EZ Cap™ ER-mTurquoise2 Probe mRNA (m1Ψ)

mTurquoise2 itself is a cyan fluorescent protein with high brightness and stability, suitable for use in live cell imaging. Endoplasmic reticulum (ER) is one of the important organelles, and ER-mTurquoise2 protein can accurately locate to the ER by adding specific signal sequences, so as to realize the cyan fluorescence labeling of ER. The ER-mTurquoise2 fluorescent protein marker is ideal for studying ER related functions such as protein folding, calcium ion storage, and lipid synthesis, and its high light stability and brightness make it ideal for live cell imaging experiments to help better understand dynamic processes within cells.

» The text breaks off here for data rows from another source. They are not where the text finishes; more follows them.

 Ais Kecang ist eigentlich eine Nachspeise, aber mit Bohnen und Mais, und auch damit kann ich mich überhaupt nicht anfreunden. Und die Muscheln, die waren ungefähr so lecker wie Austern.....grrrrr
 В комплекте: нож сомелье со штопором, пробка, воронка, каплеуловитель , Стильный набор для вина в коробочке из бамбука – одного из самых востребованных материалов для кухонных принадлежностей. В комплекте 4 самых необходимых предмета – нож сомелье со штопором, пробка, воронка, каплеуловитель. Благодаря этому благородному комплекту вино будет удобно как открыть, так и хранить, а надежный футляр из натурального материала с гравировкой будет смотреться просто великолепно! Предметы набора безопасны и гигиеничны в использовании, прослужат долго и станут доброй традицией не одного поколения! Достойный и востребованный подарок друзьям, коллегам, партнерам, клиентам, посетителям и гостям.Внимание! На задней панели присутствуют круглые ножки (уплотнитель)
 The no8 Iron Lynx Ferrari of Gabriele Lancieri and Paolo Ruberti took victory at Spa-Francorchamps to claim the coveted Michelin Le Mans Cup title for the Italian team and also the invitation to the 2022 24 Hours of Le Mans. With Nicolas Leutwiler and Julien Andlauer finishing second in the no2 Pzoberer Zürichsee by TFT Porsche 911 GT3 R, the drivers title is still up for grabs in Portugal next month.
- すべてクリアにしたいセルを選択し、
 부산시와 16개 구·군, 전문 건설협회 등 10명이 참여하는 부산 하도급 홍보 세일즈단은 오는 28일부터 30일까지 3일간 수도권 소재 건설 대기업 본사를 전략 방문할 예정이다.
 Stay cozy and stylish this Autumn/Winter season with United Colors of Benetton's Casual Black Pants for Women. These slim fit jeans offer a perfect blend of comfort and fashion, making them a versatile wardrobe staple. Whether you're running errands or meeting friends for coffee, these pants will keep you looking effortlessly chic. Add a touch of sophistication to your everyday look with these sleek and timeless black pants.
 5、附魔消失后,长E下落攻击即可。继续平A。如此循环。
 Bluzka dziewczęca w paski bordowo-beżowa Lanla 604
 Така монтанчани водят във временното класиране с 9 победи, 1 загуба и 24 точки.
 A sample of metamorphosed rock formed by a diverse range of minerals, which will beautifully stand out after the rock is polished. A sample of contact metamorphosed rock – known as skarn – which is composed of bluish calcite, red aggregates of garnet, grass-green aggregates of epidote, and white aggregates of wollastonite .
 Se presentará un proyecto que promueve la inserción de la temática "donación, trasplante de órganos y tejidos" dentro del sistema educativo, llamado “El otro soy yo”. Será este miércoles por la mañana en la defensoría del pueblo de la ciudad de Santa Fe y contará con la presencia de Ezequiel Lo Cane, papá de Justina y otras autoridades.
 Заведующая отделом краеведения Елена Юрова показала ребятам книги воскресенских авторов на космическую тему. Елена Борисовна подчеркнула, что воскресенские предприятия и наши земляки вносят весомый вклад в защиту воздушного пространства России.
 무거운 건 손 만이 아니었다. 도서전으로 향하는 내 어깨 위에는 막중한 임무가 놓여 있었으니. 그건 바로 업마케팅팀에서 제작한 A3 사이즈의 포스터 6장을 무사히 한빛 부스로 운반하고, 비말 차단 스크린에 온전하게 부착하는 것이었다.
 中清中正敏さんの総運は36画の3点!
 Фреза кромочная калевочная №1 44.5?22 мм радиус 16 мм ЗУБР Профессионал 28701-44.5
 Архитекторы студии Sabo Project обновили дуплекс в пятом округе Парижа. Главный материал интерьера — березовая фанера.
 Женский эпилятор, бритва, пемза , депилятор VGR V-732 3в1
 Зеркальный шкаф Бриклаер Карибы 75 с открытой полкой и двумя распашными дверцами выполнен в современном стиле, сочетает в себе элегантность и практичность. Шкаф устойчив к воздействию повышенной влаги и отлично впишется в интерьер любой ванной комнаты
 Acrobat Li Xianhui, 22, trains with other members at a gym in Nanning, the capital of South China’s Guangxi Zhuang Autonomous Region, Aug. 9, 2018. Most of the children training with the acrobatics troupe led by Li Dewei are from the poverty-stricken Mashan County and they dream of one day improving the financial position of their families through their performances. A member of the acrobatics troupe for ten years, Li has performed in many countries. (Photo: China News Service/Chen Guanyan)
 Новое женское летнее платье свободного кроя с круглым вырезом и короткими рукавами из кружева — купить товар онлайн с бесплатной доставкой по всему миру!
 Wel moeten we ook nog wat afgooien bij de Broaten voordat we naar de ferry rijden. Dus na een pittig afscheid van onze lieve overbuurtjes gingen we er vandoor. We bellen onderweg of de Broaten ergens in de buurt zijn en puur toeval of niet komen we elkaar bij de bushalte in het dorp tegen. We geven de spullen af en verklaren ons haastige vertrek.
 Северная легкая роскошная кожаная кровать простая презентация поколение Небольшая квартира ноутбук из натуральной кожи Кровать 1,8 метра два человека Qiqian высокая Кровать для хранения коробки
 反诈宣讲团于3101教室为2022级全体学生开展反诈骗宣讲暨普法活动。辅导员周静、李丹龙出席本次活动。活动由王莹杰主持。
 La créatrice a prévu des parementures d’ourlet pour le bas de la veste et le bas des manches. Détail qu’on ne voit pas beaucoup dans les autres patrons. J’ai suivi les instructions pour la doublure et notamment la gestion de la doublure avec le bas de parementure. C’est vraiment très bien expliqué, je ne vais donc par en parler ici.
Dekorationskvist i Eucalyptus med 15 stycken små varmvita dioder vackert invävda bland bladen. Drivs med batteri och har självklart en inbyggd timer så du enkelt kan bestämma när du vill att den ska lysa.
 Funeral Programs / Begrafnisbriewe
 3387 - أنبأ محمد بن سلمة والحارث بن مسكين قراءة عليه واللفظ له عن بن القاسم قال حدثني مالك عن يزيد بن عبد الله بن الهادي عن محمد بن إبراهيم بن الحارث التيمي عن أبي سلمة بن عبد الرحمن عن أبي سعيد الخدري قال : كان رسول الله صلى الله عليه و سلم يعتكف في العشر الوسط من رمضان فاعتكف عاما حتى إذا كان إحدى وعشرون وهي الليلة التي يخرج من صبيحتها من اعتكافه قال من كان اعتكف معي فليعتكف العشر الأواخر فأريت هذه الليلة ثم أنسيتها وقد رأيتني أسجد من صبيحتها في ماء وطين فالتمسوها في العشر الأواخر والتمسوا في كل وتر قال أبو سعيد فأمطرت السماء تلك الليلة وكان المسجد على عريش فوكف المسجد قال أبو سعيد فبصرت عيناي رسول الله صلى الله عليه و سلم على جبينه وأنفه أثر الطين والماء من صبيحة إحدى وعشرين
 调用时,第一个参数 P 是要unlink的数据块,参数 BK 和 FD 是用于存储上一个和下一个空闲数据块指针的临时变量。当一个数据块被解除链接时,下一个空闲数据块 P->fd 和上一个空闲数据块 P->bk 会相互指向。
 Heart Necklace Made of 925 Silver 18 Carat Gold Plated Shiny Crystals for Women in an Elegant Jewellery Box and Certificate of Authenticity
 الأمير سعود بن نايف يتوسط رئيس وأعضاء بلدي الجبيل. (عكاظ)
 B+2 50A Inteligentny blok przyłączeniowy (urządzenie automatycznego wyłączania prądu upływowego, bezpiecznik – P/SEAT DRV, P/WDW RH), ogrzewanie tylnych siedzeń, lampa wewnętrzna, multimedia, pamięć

EZ Cap™ ER-mTurquoise2 Probe mRNA (m1Ψ) is provided at a concentration of ~1 mg/ml with Cap1 structure. It is specifically used for the expression of cyan fluorescent protein markers in ER. There are currently two ways to cap mRNA: One is co-transcription method, by adding Cap analogues into the transcription process. The other is enzymatic Capping. After transcription, Cap0 capping is performed by Vaccinia virus Capping Enzyme (VCE), GTP and S-adenosylmethionine (SAM). The Cap0 is then generated into the Cap1 through 2´-O-Methyltransferase and SAM. Cap1 Capping can also be performed by adding VCE, 2´-O-Methyltransferase, GTP and SAM in a one-step process. Cap 1 structure is more ideal for mammalian systems and possess higher transcription efficiency than Cap 0 structure. The addition of N1-Methylpseudo-UTP(m1Ψ) and poly(A) tail suppress RNA-mediated innate immune activation and increase the stability and lifetime of the mRNA in vitro and in vivo. Poly(A) tail also plays an important role in enhancing the efficiency of translation initiation.